Há diversos tipos de sistemas no mercado e a tendência, com o progresso na tecnologia, é este número aumentar.
Em geral, os sistemas não-recarregáveis têm a duração entre 3 e 5 anos. Em alguns pacientes, a estimulação é mantida com intensidade baixa e, assim, a bateria dura mais. Outros pacientes já precisam de programações mais complexas. Nestes casos, a bateria dura menos. Os sistemas não-recarregáveis são mais cômodos para o paciente, pois não há a necessidade de recarregar a bateria semanalmente.

Já os recarregáveis duram de 9 a 25 anos. E, este sistema exige uma ou duas recargas semanais. O procedimento é simples. Um aparelho externo, do tamanho de um telefone celular, é plugado à tomada e recarregado. Com a carga completa, o paciente deve posicioná-lo sobre a pele e, por indução magnética, o aparelho implantado se recarrega. Este processo dura de 1 a 3 horas.

É importante que o paciente conheça os tipos disponíveis e as vantagens e desvantagens de cada um. No entanto, é o cirurgião quem sugere o tipo de sistema adequado a cada paciente.


Sobre o Dr. Erich Fonoff

O Dr. Erich Fonoff é médico neurocirurgião, professor, pesquisador e um dos principais especialistas brasileiros em neurocirurgia funcional, com ênfase nas áreas de dor, doença de Parkinson e outros distúrbios do movimento. É professor livre-docente do departamento de Neurologia da Faculdade de Medicina da USP.

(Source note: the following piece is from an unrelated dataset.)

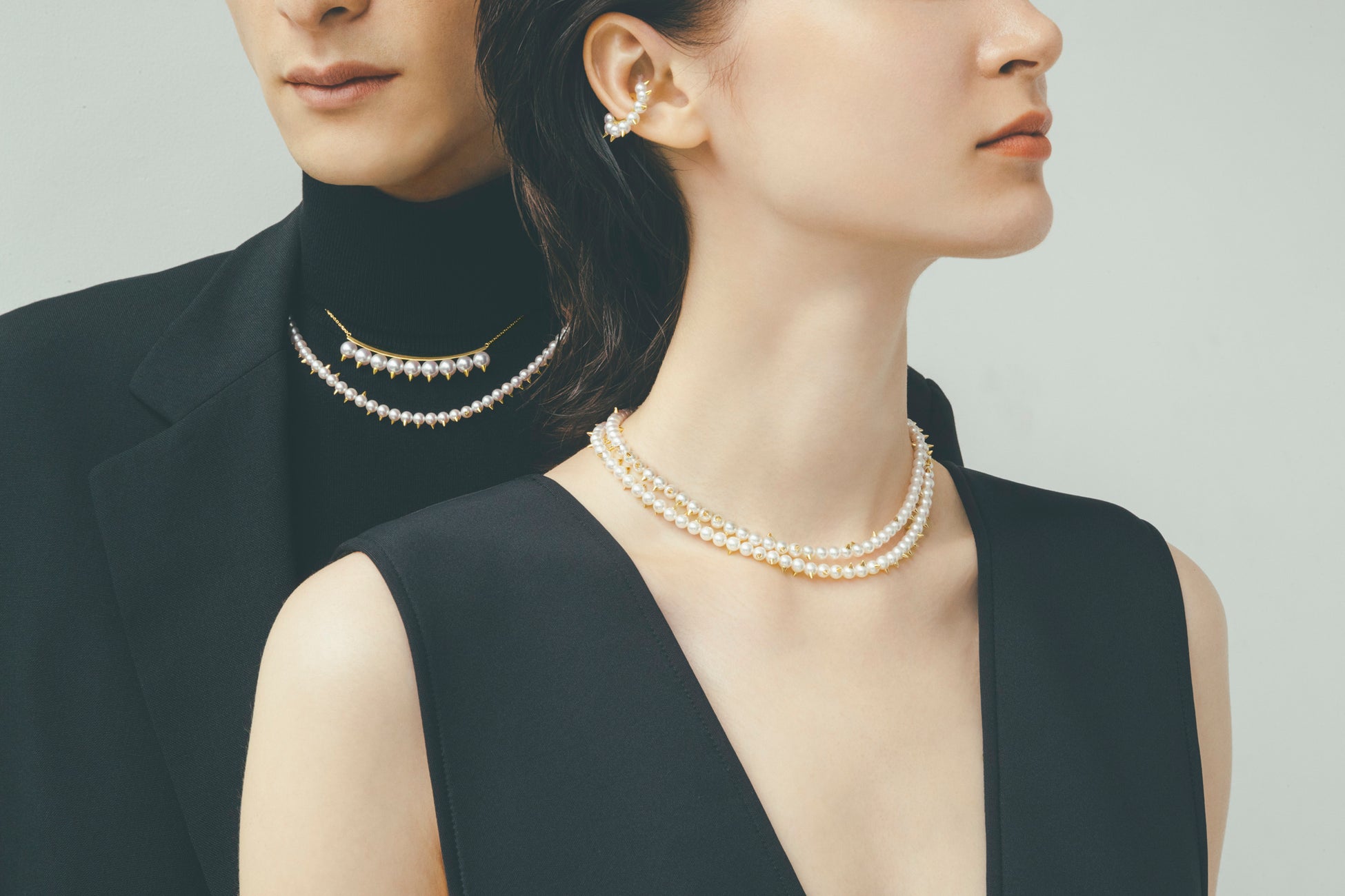 デインジャー トライブ イヤーカフ(片耳用) [18K イエローゴールド、あこや真珠] ¥242,000、デインジャー ネックレス (ロングを2連にして着用) [18K イエローゴールド、あこや真珠] ¥1,540,000、

Atuou como médico neurocirurgião na equipe do Hospital das Clínicas da FMUSP e coordenou o Laboratório de Neuromodulação de Dor Experimental do Hospital Sírio-Libanês. Ele é diretor técnico do canal Parkinson Hoje, comunidade online que reúne informações, dicas e materiais educacionais para todos aqueles que convivem com a doença de Parkinson. Parkinson Hoje e este site tem caráter exclusivo de esclarecimento e educação à sociedade e é produzido de acordo com a resolução CFM Nº 1.974/2011.

Atualizado em 12/11/2020

2 comentários em “Cirurgia de Parkinson (Estimulação Cerebral Profunda)”

  1. Boa tarde,
    Essa cirurgia só faz em rede particular?
    Quanto custa? Qual o passo a passo devo seguir?
    Me ajudem Por favor

    Responder
    • Olá Rone, Os paciente necessitam de uma avaliação inicial e dois testes clínicos para podermos saber se é indicada a cirurgia. Os outros passos dependem do seguro médico e exames de imagem. Não é complicado, mas precisam ser feitos.